— About this task —
Only the pictures should be dropped; every line of the data must come back exactly as written.

— Source material —
▶

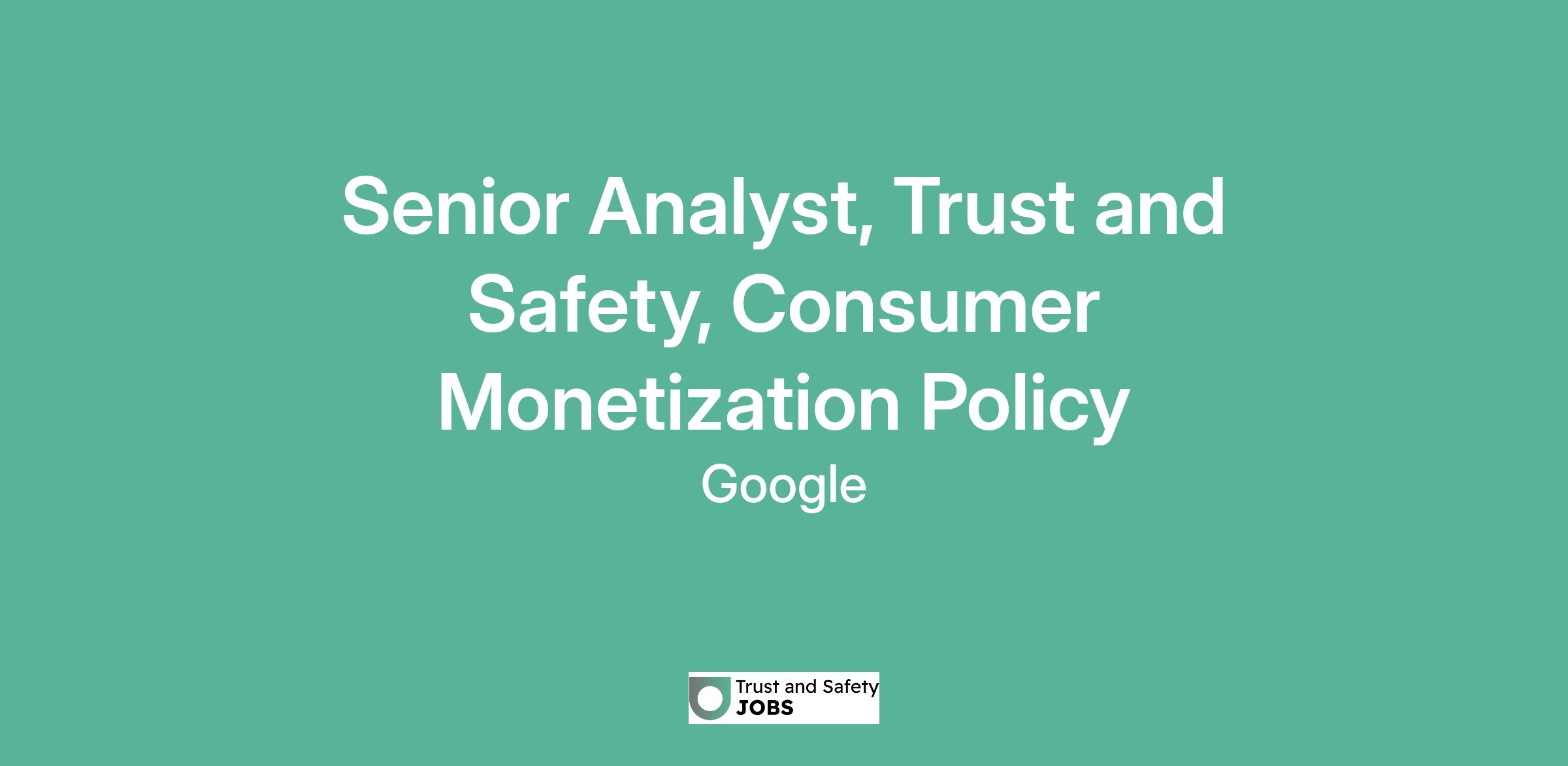 Senior Analyst, Trust and Safety, Consumer Monetization Policy
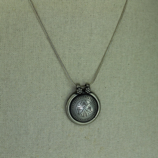 Vintage Tribal Necklace Silver Etched Round Floral Medallion Double Bail Chain
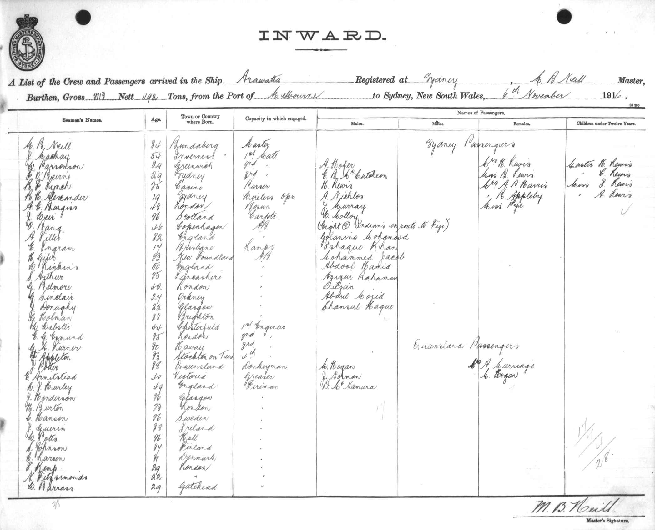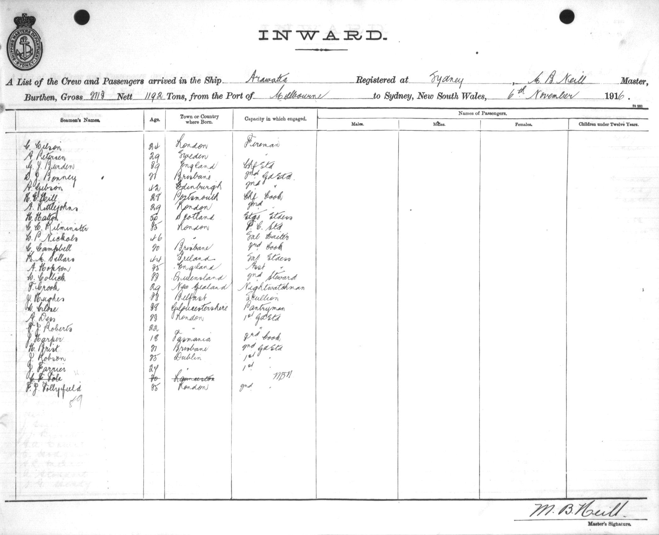 ARAWATTAOF SYDNEY, M. B. NEILL, MASTER, BURTHEN 2113/1192 TONS FROM THE PORT OF MELBOURNE TO SYDNEY, NEW SOUTH WALES, 6TH NOVEMBER 1916 |

◀

— Result of the exercise —
 Senior Analyst, Trust and Safety, Consumer Monetization Policy
 Vintage Tribal Necklace Silver Etched Round Floral Medallion Double Bail Chain
 ARAWATTAOF SYDNEY, M. B. NEILL, MASTER, BURTHEN 2113/1192 TONS FROM THE PORT OF MELBOURNE TO SYDNEY, NEW SOUTH WALES, 6TH NOVEMBER 1916 |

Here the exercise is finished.